In 2005, the US company underwent a transformation that would make its culture as distinct as its food. As more than 1,000 stores opened across the US, the company focused on creating a system where promoting managers from within would create a feedback loop of better, more motivated employees. That year, about 20% of the company’s managers had been promoted from within. Last year, nearly 86% of salaried managers and 96% of hourly managers were the result of internal promotions.People love Chipotle to an almost cult-like degree. Apparently the taste of some good guac transcends age, hobbies, and socioeconomic status. They've got a good thing going, and Max Nisen's article at Quartz shows it isn't a fluke: it starts from within.
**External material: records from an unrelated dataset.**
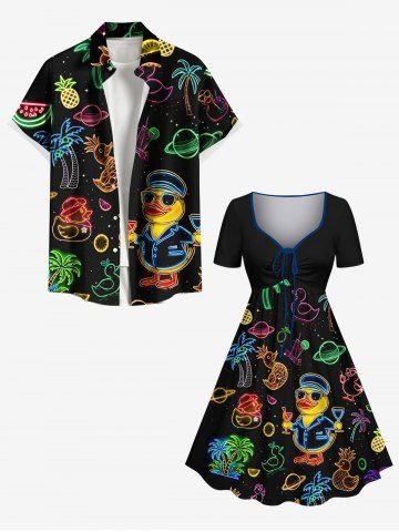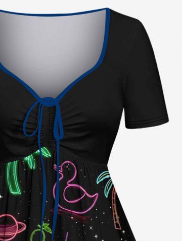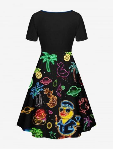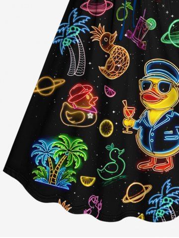 Plus Size Ducks Coconut Tree Watermelon Pineapple Planet Print Cinched Hawaii Dress - Black - 4x
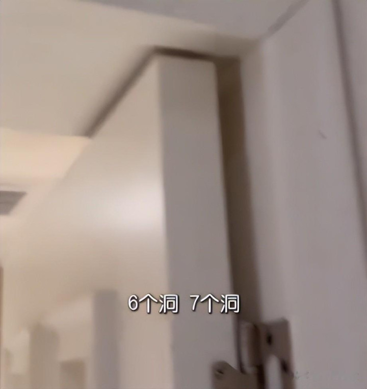 入户与次卫区域相同目不忍见,入户门框上布满密密匝匝的钉眼,莫得任何坎坷,胶线涂抹爽脆误会,呈不法例梯形,施工东谈主员称后续会用腻子修补,但业主检察后发现,钉眼过深,修补后会留住明白陈迹,无法还原好意思不雅。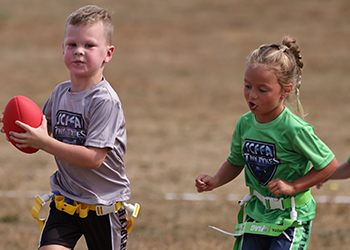 * One coach on offense and one coach on defense will have a whistle. Only blow the whistle when the kid scores a TD or if the ball is fumbled. If the player falls down or Even if the player's flag is pulled, let them get up and make it to the endzone! Each team can have (at the most) two coaches on the field. On offense, the 2nd coach should stand in the endzone as a point of destination for the kids to run to. |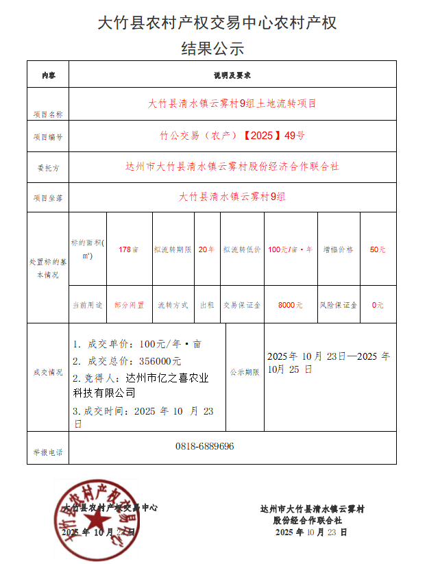 大竹县清水镇云雾村9组土地流转项目结果公示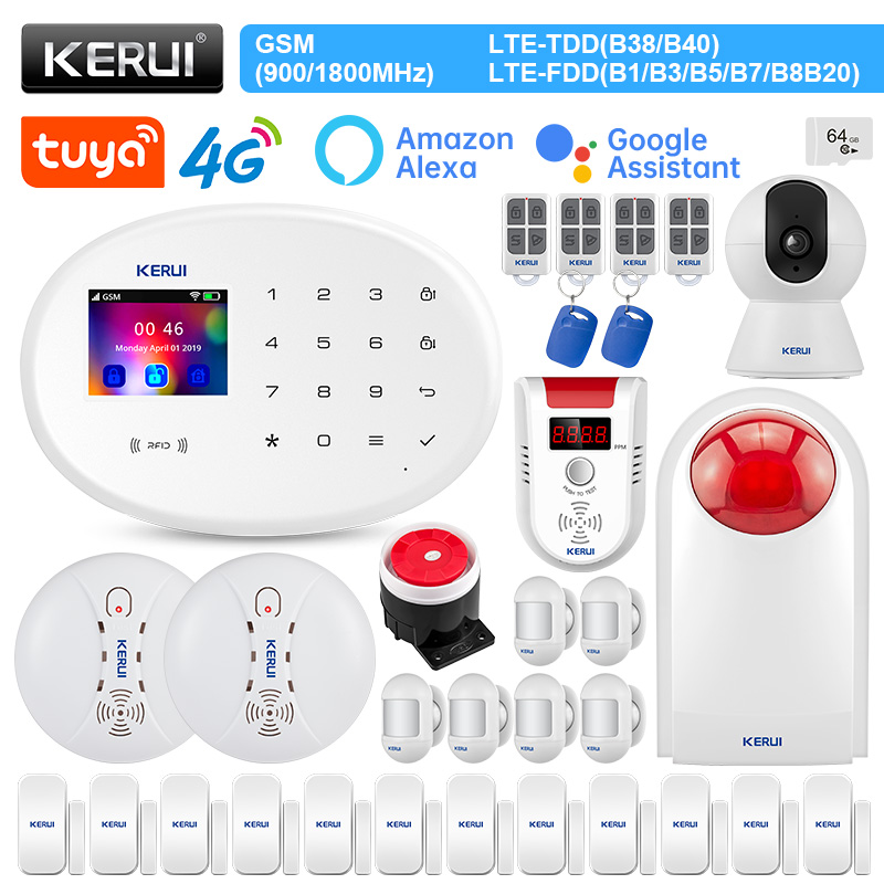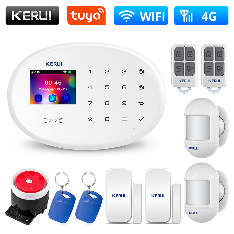 KERUI W204 4G WIFI GSM Tuya Smart Home Security Alarm System 2.4 Inch TFT Touch Panel APP Control Burglar Smoke Detector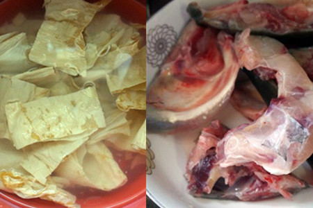支竹放入清水中泡软,再用剪刀剪成小块。鱼头清洗干净,斩成小块待用。准备些姜片。

There are obvious benefits from hiring outside a company - sometimes an outsider is simply the best person for the job, and sometimes he or she can be a breath of fresh air - but there's a lot to be said about hiring from within as well. If you're not looking to completely reinvent the wheel (or, at the very least, implement a new business strategy), internal hires make sense: they know how things work, they're entrenched in the culture and ostensibly are a good fit, and there's less of a curve in terms of general acclimation to the company.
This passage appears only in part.